Sommes-nous en train de changer de modèle ?
Avec François Purseigle
Professeur de sociologie à l’École Nationale Supérieure d’Agronomie de Toulouse
Chercheur associé au Cevipof
Séance du mercredi 13 janvier 2021
Le débat sur les formes institutionnelles de l’activité agricole est un débat classique de l’économie et la sociologie rurale tout au long du 20ème siècle, abordé par de multiples auteurs et acteurs engagés dans le débat social. La question de fond est la suivante : existe-t-il une forme sociale de production spécifique à l’activité agricole, qui la placerait à part d’un modèle institutionnel général, dont le squelette est celui de l’entreprise, issu de l’économie néoclassique ?
Entre absorption incontournable par le capitalisme et vertus de l’exploitation agricole paysanne, le débat est régulièrement reposé directement ou indirectement, comme cela a pu être le cas à propos de l’aventure entrepreneuriale de la ferme des 1000 vaches.
La réflexion portée ici par François Purseigle et ses collègues nous conduit à nous interroger sur la notion de firme (ou de grande entreprise agricole intégrée) en agriculture et ses développements dans le contexte actuel. On constate une assez faible extension en agriculture de l’entreprise organisée sur un modèle industriel et c’est plutôt dans des secteurs spécifiques, maraichage, viticulture, etc. On remarque par contre de manière de plus en plus fréquente des modèles de concentration de l’agriculture avec une organisation complexe ne relevant ni du modèle canonique de l’entreprise, ni du modèle paysan.

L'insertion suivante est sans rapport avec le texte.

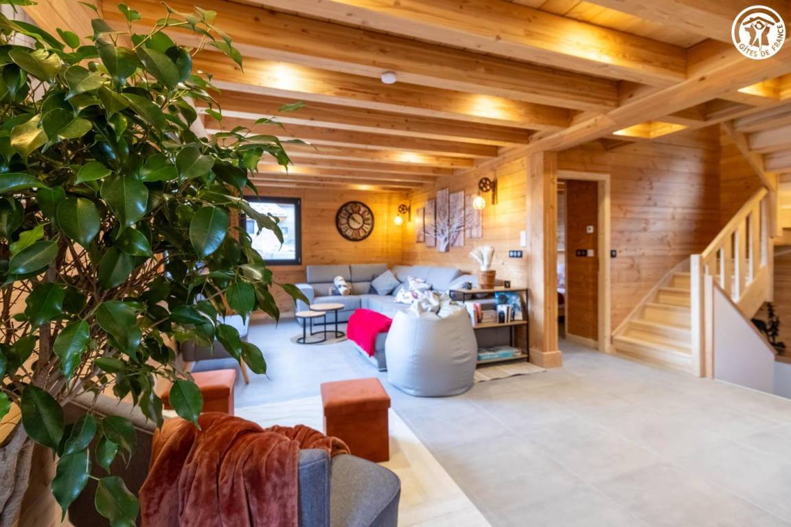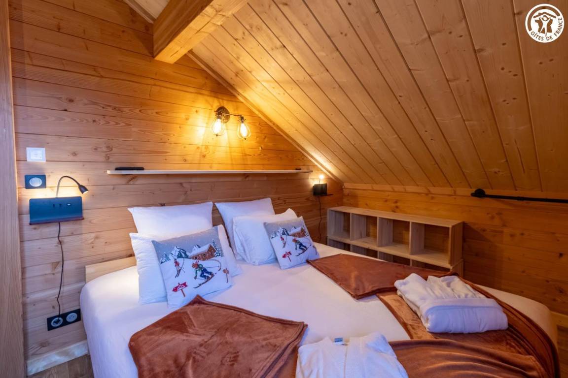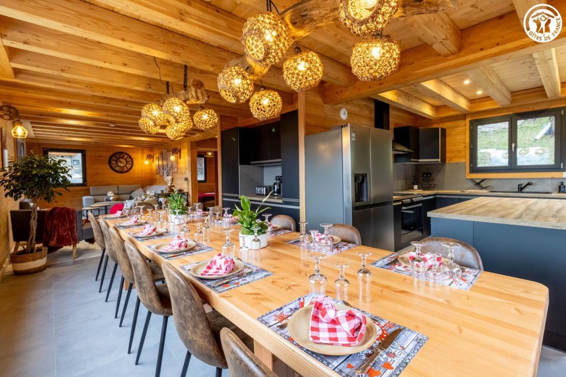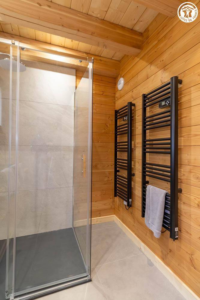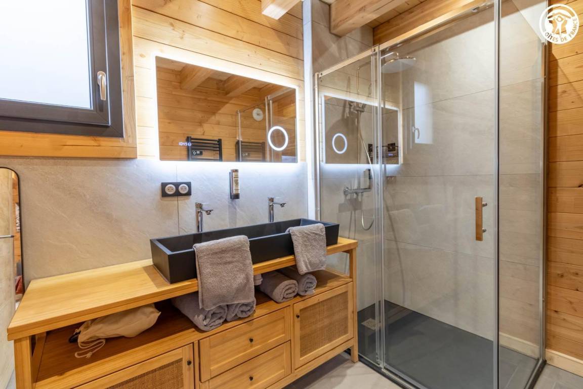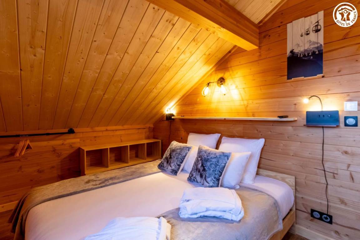 Dieses moderne Chalet vereint Komfort und Charakter. Es verfügt über ein großes, helles Wohnzimmer mit offener Küche. Große, nach Süden ausgerichtete Erkerfenster bieten einen atemberaubenden Blick auf die Berge und die Massive von Lauzière, Belledonne und Arves. Dank der Verwendung edler Materialien ist die Bergatmosphäre warm und behaglich. Die moderne und authentische Inneneinrichtung lädt zum Entspannen und Geselligkeit ein.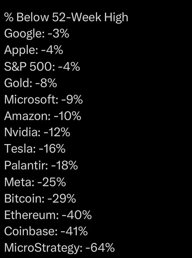 Some names are already down more than 20% from their peaks. The biggest losers so far have been crypto and high-beta tech — they’ve taken the brunt of the sell-off.

Ces modèles d’entreprises complexes, parfois marqués encore par une histoire familiale, ou au contraire directement branchés à des formes sociales plus industrielles et capitalistiques, préfigurent-elles un mode d’organisation, sinon majoritaire, tout au moins suffisamment représenté pour entrainer demain des orientations majeures des politiques agricoles ou alimentaire ? Ces travaux interrogent plus largement la question du capitalisme agricole contemporain. Si l’émergence de grandes entreprises agricoles intégrées emprunte au secteur industriel des formes de rationalisation et de gouvernance inédites (Purseigle et al., 2017), à coté d’elles, émerge une autre facette du capitalisme agricole contemporain, le développement accéléré de la sous-traitance et de la délégation du travail agricole. Comme le soulignent François Purseigle et ses collègues, ce phénomène ne serait-il pas le marqueur de la tertiarisation d’une partie du secteur de la production agricole et de l’émergence de nouveaux réseaux d’exploitations ? La tertiarisation de l’agriculture française ne constituerait-elle pas un mouvement, certes peu visible, mais beaucoup plus profond que celui d’industrialisation des unités de production qu’il étudie par ailleurs ? Ces travaux amènent à le penser. Alors que le phénomène est plus tardif en agriculture, il épouse des contours parfois similaires à ceux observés dans les secteurs industriels et des services. Des chefs d’exploitation délèguent aujourd’hui de plus en plus, pour créer des avantages comparatifs : optimisation des coûts, recentrage sur leur cœur de métier, accès à de nouvelles pratiques et compétences, etc.
Ce sont ces deux dynamiques en émergence, ou qui se renforcent, que François Purseigle a proposé à notre discussion à la séance de Mars du 13 janvier.
Il n’est pas inutile en toile de fond, pour ceux qui le souhaitent, de se référer à l’ouvrage publié en 2017, avec G.Nguyen et P.Blanc, Le nouveau capitalisme agricole. De la ferme à la firme, édité aux Presses de sciences politiques, et dont une note de lecture a été réalisée pour la revue Nature Sciences et Sociétés (27, 2, 243-261 (2019) par Jean Pluvinage.
Cette intervention s’est également appuyée sur l’article intitulé Sous-traitance et délégation du travail : marqueurs des mutations de l’organisation de la production agricole, publié dans Notes et études socio-économiques, Ministère de l’Agriculture, numéro 47, Juillet 2020 pp. 43-88.